## Task instructions:
The data must be reproduced verbatim; images are to be omitted.

## Data to examine:
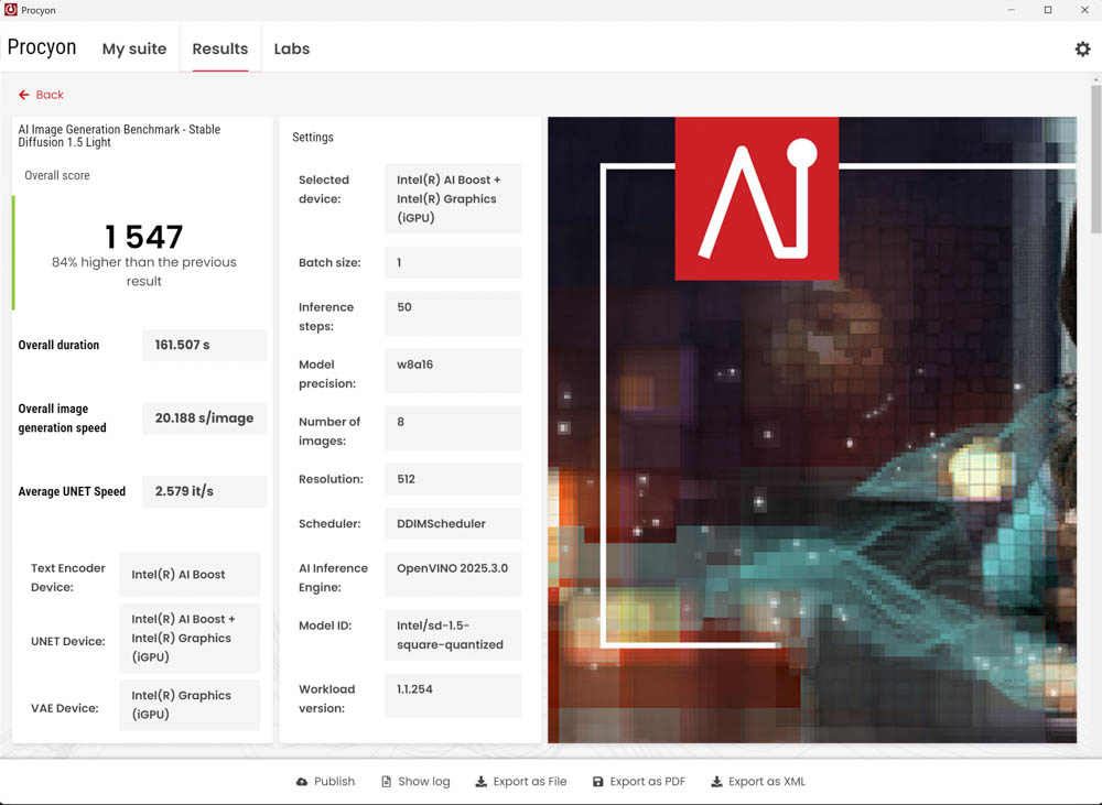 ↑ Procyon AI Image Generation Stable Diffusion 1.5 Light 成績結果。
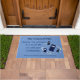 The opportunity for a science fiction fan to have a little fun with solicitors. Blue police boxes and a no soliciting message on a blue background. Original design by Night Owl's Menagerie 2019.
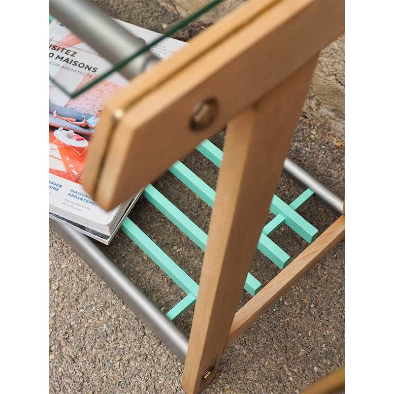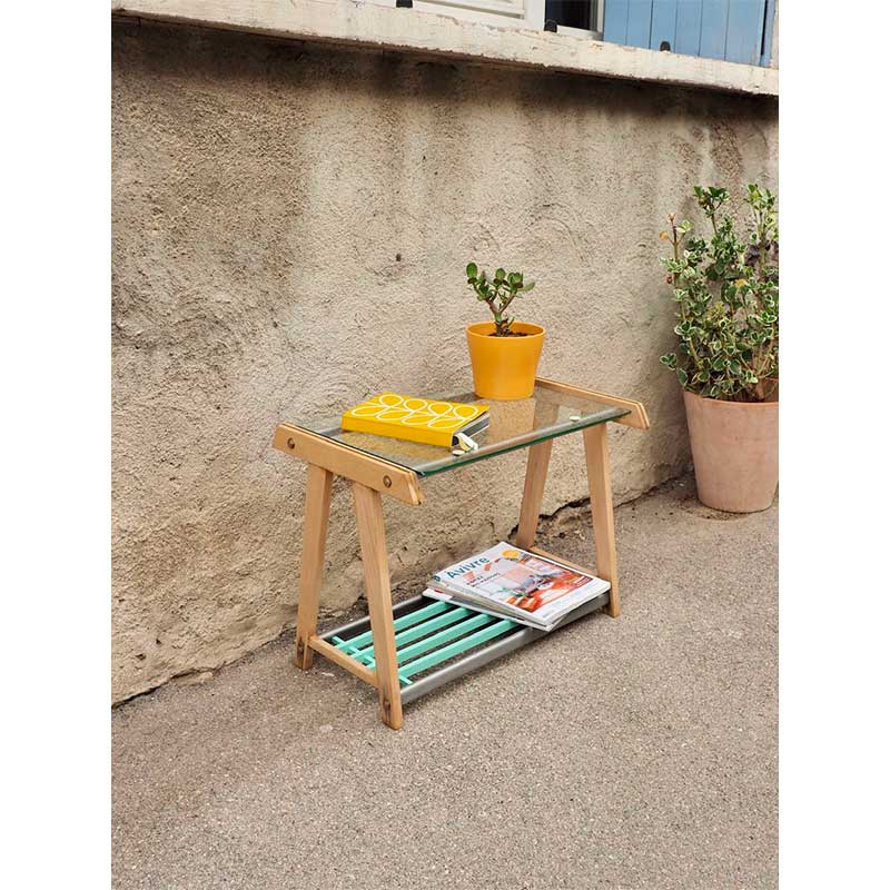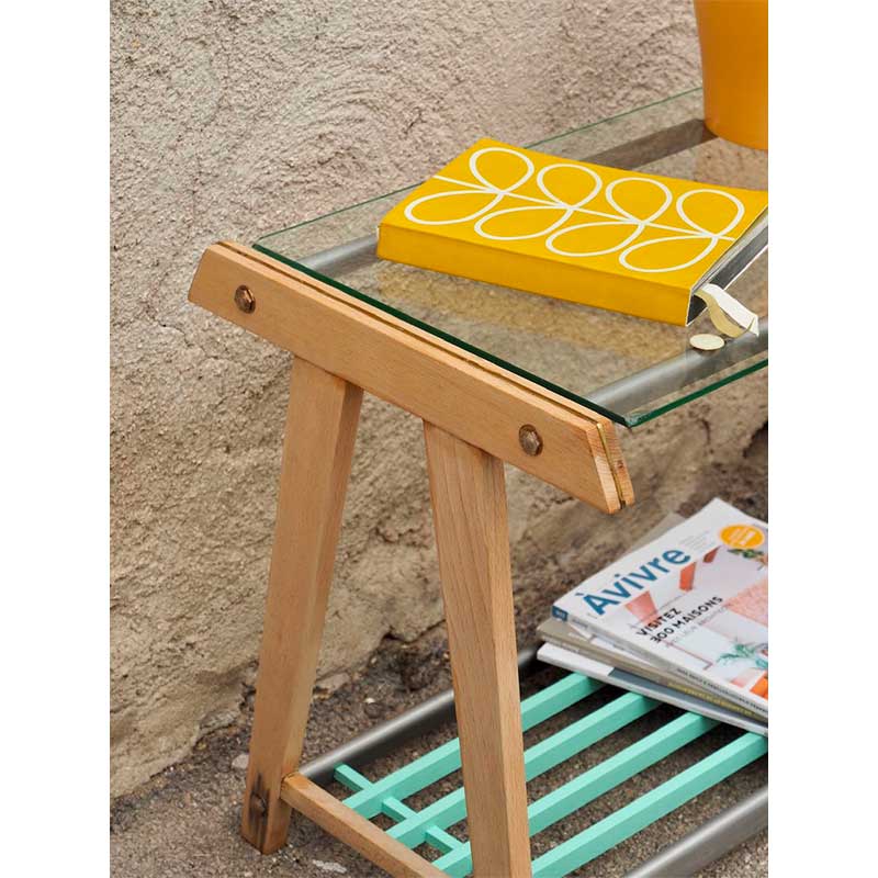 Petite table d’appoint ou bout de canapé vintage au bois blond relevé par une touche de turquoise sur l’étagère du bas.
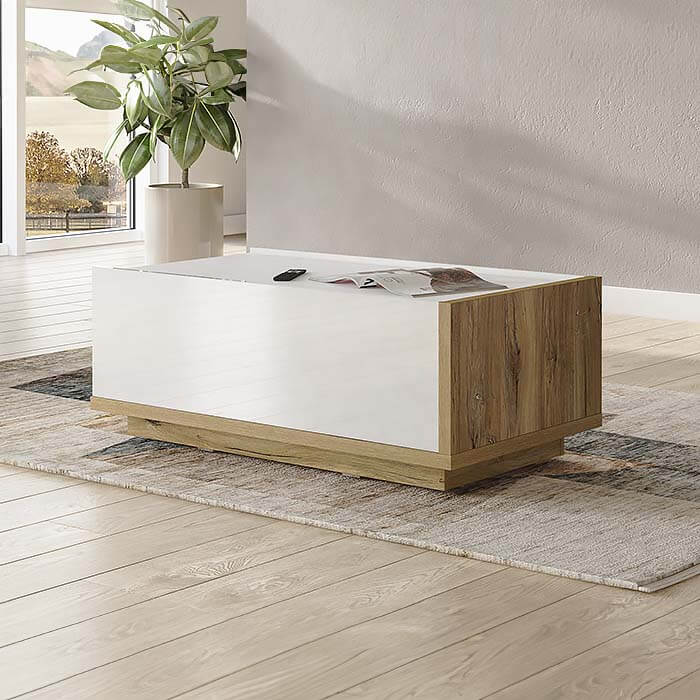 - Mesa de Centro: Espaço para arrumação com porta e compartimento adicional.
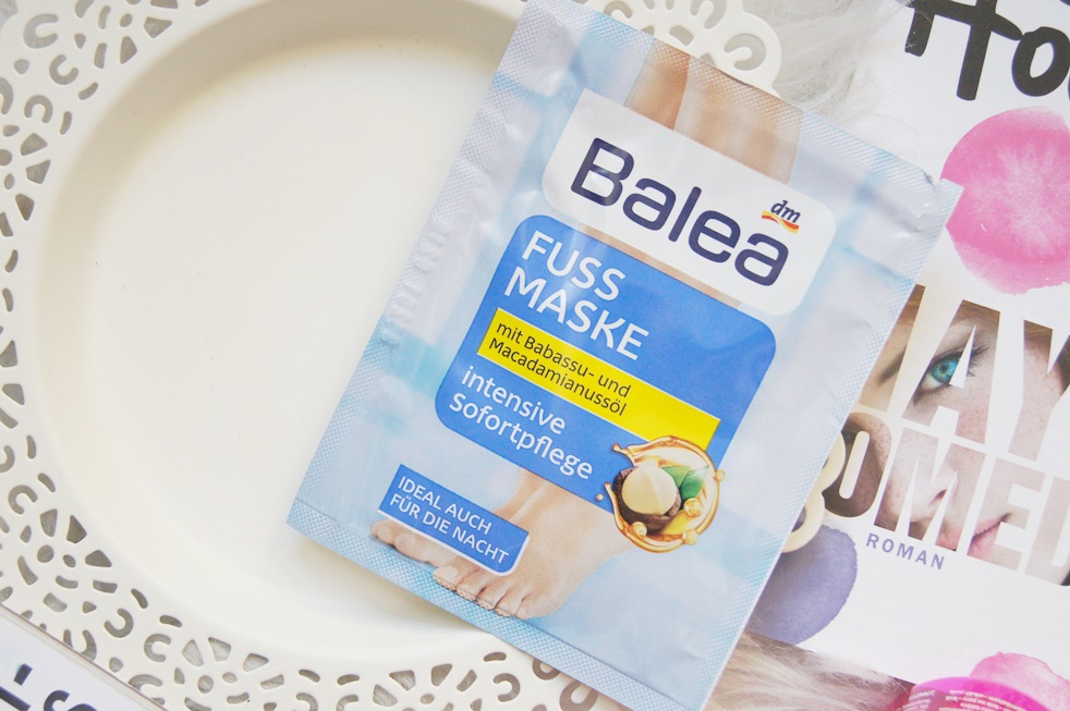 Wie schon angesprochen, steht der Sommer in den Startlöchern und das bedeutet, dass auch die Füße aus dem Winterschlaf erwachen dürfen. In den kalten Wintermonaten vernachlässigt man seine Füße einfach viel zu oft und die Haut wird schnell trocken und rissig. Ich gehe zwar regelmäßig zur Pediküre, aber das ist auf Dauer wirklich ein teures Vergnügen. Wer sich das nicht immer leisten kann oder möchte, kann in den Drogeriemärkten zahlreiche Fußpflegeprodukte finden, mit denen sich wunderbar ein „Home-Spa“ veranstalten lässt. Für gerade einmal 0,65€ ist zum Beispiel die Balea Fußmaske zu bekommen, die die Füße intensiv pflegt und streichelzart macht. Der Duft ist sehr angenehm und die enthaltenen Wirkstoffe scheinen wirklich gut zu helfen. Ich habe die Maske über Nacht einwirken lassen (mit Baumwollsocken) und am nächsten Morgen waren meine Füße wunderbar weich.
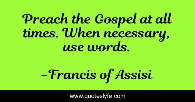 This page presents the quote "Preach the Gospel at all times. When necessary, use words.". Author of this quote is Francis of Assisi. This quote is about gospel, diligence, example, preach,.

## Written response:
 ↑ Procyon AI Image Generation Stable Diffusion 1.5 Light 成績結果。
 The opportunity for a science fiction fan to have a little fun with solicitors. Blue police boxes and a no soliciting message on a blue background. Original design by Night Owl's Menagerie 2019.
 Petite table d’appoint ou bout de canapé vintage au bois blond relevé par une touche de turquoise sur l’étagère du bas.
 - Mesa de Centro: Espaço para arrumação com porta e compartimento adicional.
 Wie schon angesprochen, steht der Sommer in den Startlöchern und das bedeutet, dass auch die Füße aus dem Winterschlaf erwachen dürfen. In den kalten Wintermonaten vernachlässigt man seine Füße einfach viel zu oft und die Haut wird schnell trocken und rissig. Ich gehe zwar regelmäßig zur Pediküre, aber das ist auf Dauer wirklich ein teures Vergnügen. Wer sich das nicht immer leisten kann oder möchte, kann in den Drogeriemärkten zahlreiche Fußpflegeprodukte finden, mit denen sich wunderbar ein „Home-Spa“ veranstalten lässt. Für gerade einmal 0,65€ ist zum Beispiel die Balea Fußmaske zu bekommen, die die Füße intensiv pflegt und streichelzart macht. Der Duft ist sehr angenehm und die enthaltenen Wirkstoffe scheinen wirklich gut zu helfen. Ich habe die Maske über Nacht einwirken lassen (mit Baumwollsocken) und am nächsten Morgen waren meine Füße wunderbar weich.
 This page presents the quote "Preach the Gospel at all times. When necessary, use words.". Author of this quote is Francis of Assisi. This quote is about gospel, diligence, example, preach,.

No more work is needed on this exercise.